**EXERCISE**.
Print the lines in the listing below starting at the line with "This is a custom" and ending at the line with "蛇宝宝出生见面礼银锁婴儿宝宝银长命锁纯银9999生肖蛇吊坠平安锁", both included. Reproduce them exactly and omit every picture.

**DATA SECTION**.
================================
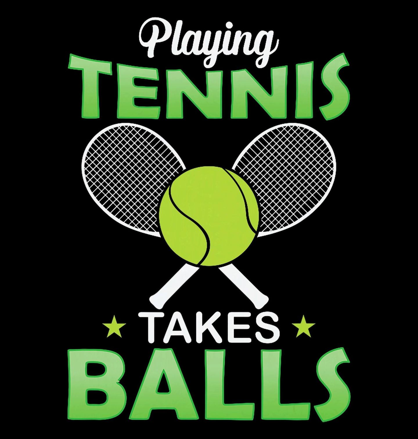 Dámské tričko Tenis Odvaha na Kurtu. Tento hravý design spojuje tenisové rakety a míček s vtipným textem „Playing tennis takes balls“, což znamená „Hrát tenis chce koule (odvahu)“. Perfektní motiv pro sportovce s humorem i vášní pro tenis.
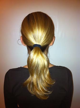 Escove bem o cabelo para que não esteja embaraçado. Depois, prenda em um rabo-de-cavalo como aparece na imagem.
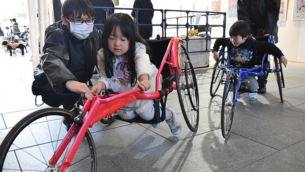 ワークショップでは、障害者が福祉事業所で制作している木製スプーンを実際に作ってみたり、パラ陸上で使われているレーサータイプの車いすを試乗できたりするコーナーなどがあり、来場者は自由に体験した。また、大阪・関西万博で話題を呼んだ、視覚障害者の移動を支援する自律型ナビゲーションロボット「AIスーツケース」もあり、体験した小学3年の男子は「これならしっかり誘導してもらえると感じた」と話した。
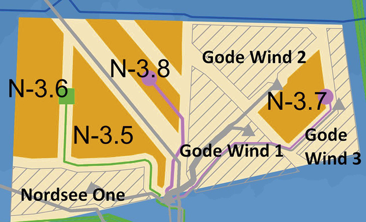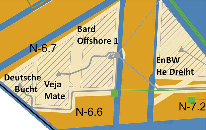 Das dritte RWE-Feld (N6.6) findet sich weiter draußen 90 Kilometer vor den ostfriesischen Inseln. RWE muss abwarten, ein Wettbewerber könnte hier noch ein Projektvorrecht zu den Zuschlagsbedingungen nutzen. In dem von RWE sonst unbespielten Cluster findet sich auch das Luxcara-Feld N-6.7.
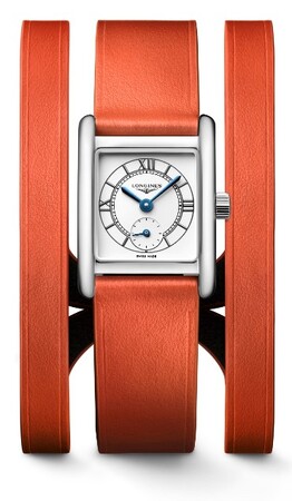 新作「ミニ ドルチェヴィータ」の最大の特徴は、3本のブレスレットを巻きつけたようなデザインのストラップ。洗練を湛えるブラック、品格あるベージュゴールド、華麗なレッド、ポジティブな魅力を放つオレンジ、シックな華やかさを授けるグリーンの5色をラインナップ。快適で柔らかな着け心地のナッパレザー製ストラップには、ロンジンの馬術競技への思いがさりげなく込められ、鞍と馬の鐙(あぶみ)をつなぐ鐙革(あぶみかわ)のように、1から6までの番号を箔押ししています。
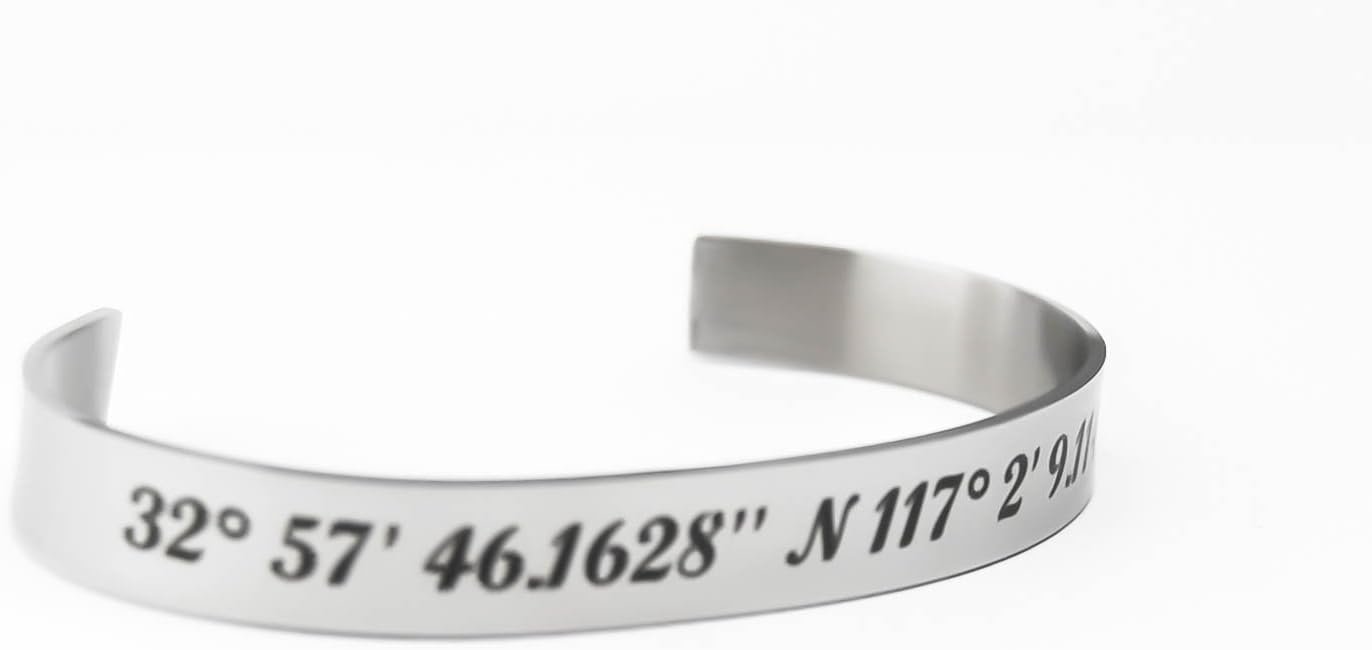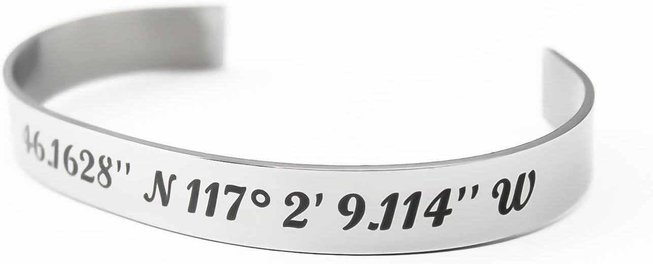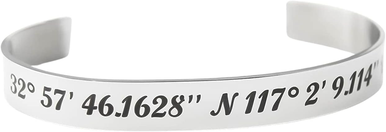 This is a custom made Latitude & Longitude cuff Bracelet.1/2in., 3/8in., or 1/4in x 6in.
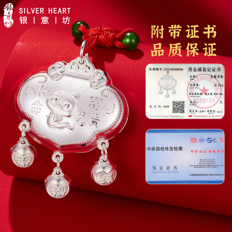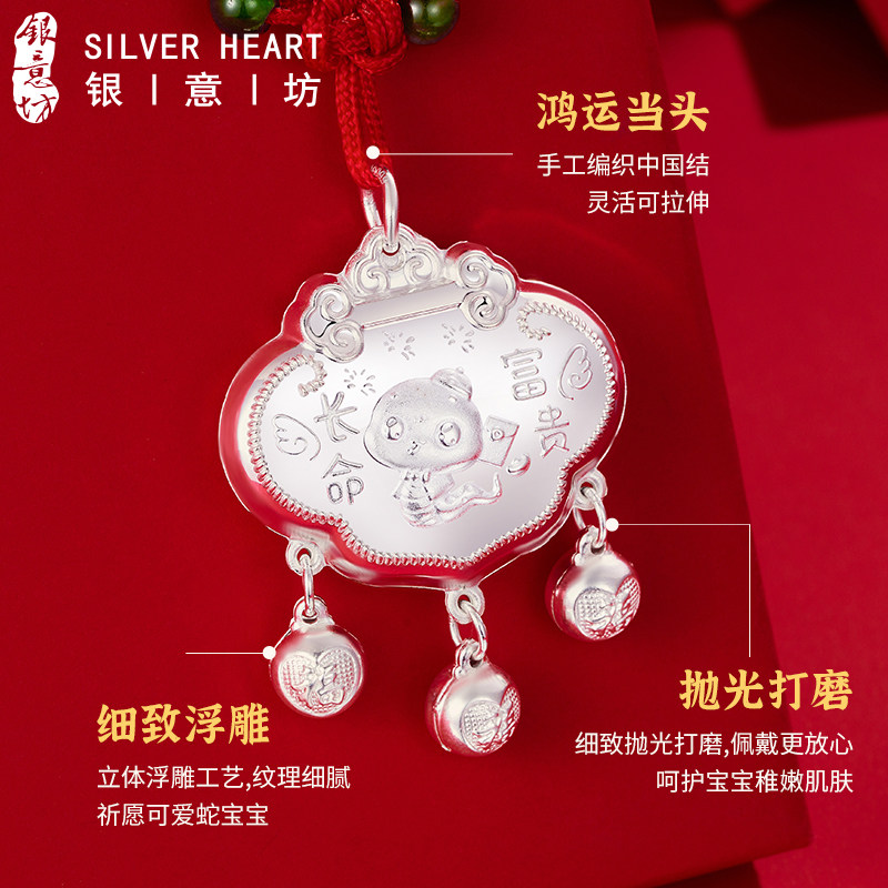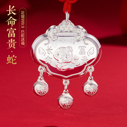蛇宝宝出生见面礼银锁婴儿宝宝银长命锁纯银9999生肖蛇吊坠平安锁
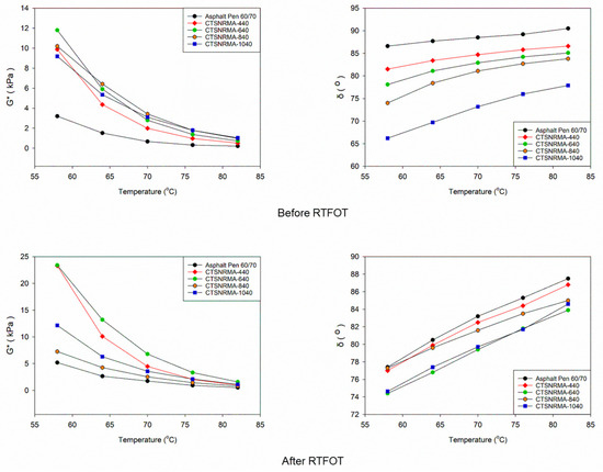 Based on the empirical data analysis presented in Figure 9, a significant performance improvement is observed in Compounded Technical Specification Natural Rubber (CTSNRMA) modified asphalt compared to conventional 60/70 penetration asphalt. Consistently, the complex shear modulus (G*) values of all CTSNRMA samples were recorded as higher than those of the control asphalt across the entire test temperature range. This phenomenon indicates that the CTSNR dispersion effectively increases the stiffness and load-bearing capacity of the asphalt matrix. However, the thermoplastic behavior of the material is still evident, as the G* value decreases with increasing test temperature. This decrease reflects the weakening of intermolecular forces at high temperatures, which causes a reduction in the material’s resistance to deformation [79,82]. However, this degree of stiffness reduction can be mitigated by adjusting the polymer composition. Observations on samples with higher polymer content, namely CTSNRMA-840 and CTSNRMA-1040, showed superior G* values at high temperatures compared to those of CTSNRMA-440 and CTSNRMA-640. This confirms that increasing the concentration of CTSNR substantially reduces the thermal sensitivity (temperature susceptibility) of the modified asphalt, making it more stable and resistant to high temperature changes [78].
================================
**RESPONSE TO THIS TASK**.
 This is a custom made Latitude & Longitude cuff Bracelet.1/2in., 3/8in., or 1/4in x 6in.
蛇宝宝出生见面礼银锁婴儿宝宝银长命锁纯银9999生肖蛇吊坠平安锁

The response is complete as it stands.